Вовке было стыдно, очень стыдно. На другой день он робко подошёл к ней после урока… Запинался, терялся, краснел, но прочитал выученный стих.
– Молодец! – похвалила Полина Сергеевна. – Вижу, что дома ты учил. Ставлю тебе четвёрку, – и добавила, улыбнувшись: – Наверное, самому радостно хорошую оценку получить?
– У меня сегодня две радости! – осмелев, поделился с ней счастливый Вовка. – Я ещё и в столовую иду! И есть буду за Лёшу Петрова, его сегодня в школе нет.
– А обычно не ешь? – в недоумении посмотрела на него учительница.
Вовка погрустнел и отрицательно покачал головой:
– Не, мама денег не даёт…
Полина Сергеевна тяжело вздохнула и сказала:
– Я… я подумаю, как тебе помочь… А учиться надо и на уроках отвечать тоже…
И Вовка стал отвечать на её уроках, часто неправильно, волнуясь и запинаясь, но он старался. При Полине Сергеевне ребята Вовку не трогали, и это придавало ему уверенности. Но на других предметах дела обстояли иначе.
Однажды на математике Скатов смеха ради наклеил Сёмину на спину листок с крупной надписью: «ЛОХ». Ребята пол-урока потешались над Вовкой, а на перемене шумной толпой высыпали за ним в коридор, тыкали пальцами ему в спину, кричали, захлёбываясь от смеха. Не понимая причины, Вовка бросал несчастный, затравленный взгляд то на одного, то на другого обидчика…
Его мучения прервал звонок. Он забежал в кабинет русского языка, торопливо шмыгнул на своё место, но Полина Сергеевна успела заметить злосчастный листок на его спине.
От возмущения грудь сдавило и застучало в висках.
– Твоя идея? – гневно сверкнув глазами, спросила она у затаившегося Пашки.
Он не стал отпираться.
– Иди к доске! – приказала Полина Сергеевна и стала диктовать текст. Все писали, а Пашка мучился: сомневался почти в каждом слове, допускал ошибки. Ребята за его спиной перешёптывались и хихикали.
– Рекордсмен! – подведя итог, учительница саркастически всплеснула руками. – В пяти предложениях десять ошибок! Какую табличку будем вешать тебе?! И куда?!
– На лоб! – тут же посоветовал кто-то, и класс взорвался хохотом.
На своё место Пашка отправился пристыженный, с уязвлённым достоинством. В первый раз в жизни смеялись над ним – это было нестерпимо. После урока Полина Сергеевна попросила Пашку остаться.

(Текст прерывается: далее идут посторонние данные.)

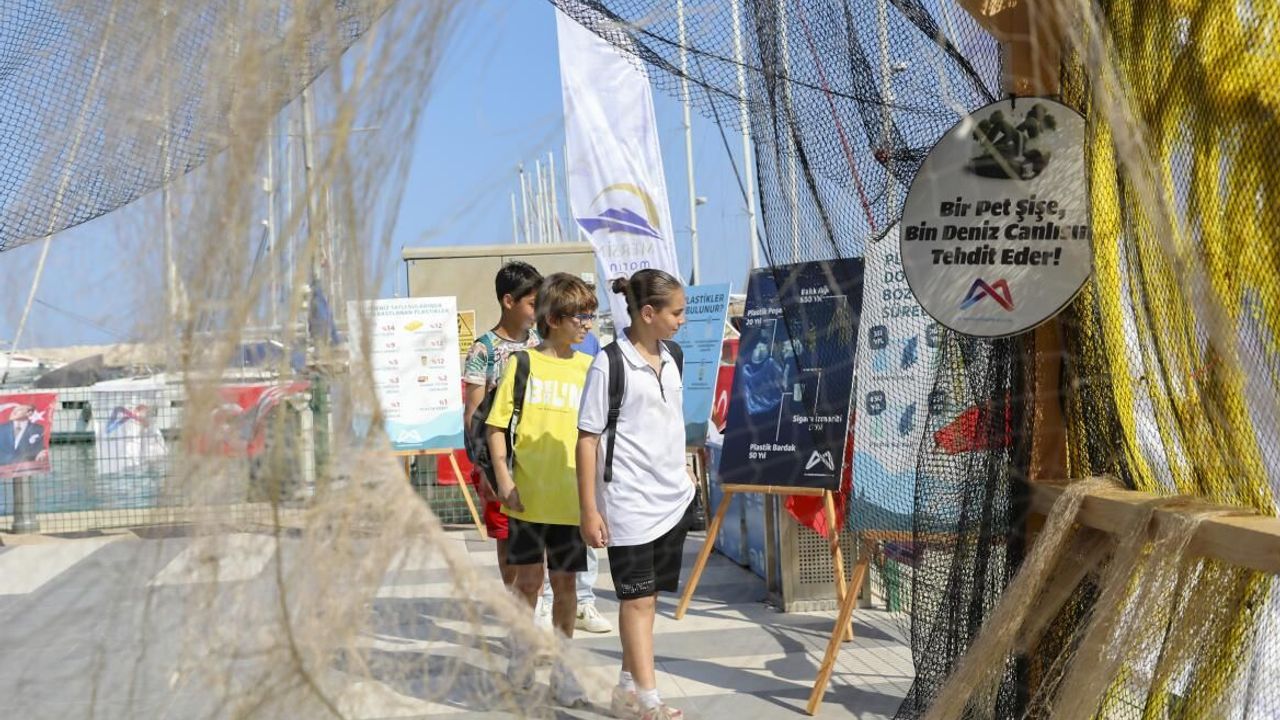 Toplanan atıkların farkındalık için sergilendiği etkinlikte ziyaretçiler hayalet ağlardan yapılan tünel ile deniz canlılarının yaşadığı zorlukları deneyimleme imkanı buldu.

– Скажи, зачем вы издеваетесь над Сёминым? – посмотрев в глаза ученику, спросила она. – И не просто издеваетесь – травите! – Пашка промолчал. – А ведь недавно, – продолжила учительница, – ты сам оказался на его месте. – Скатов поёжился. – Всего только раз над тобой смеялись, и то неприятно, а вы над ним – каждый день! И за что?! За то, что он не похож на вас, одет бедно и телефона у него нет? А у тебя вот есть. И наверняка дорогой… А разве Сёмин виноват, что в семье денег даже на обеды не хватает, не то что на телефоны? – с каждым словом голос Полины Сергеевны делался всё громче, взволнованнее, а Пашка стоял, опустив глаза, и молчал, не зная, что ответить…
После этого разговора он стал побаиваться Полину Сергеевну: на её уроках сидел тихо, старался не высовываться. И вдруг однажды тетрадку забыл для контрольных работ. А учительница строго-настрого предупреждала, что к диктанту без тетради никого не допустит. Можно было, конечно, домой сбегать. Но Пашка, как назло, вспомнил о ней перед самым диктантом, когда некоторые начали уже число записывать. Он осторожно окликнул Лёньку Кузьминова, но у того даже листочка не оказалось, а староста Юлька лишь сердито от него отмахнулась. Полина Сергеевна уже прочитала первое предложение. Ситуация становилась критической. Пашка не на шутку испугался, как вдруг Вовка протянул ему немного помятый, наскоро вырванный из своей тетради листок.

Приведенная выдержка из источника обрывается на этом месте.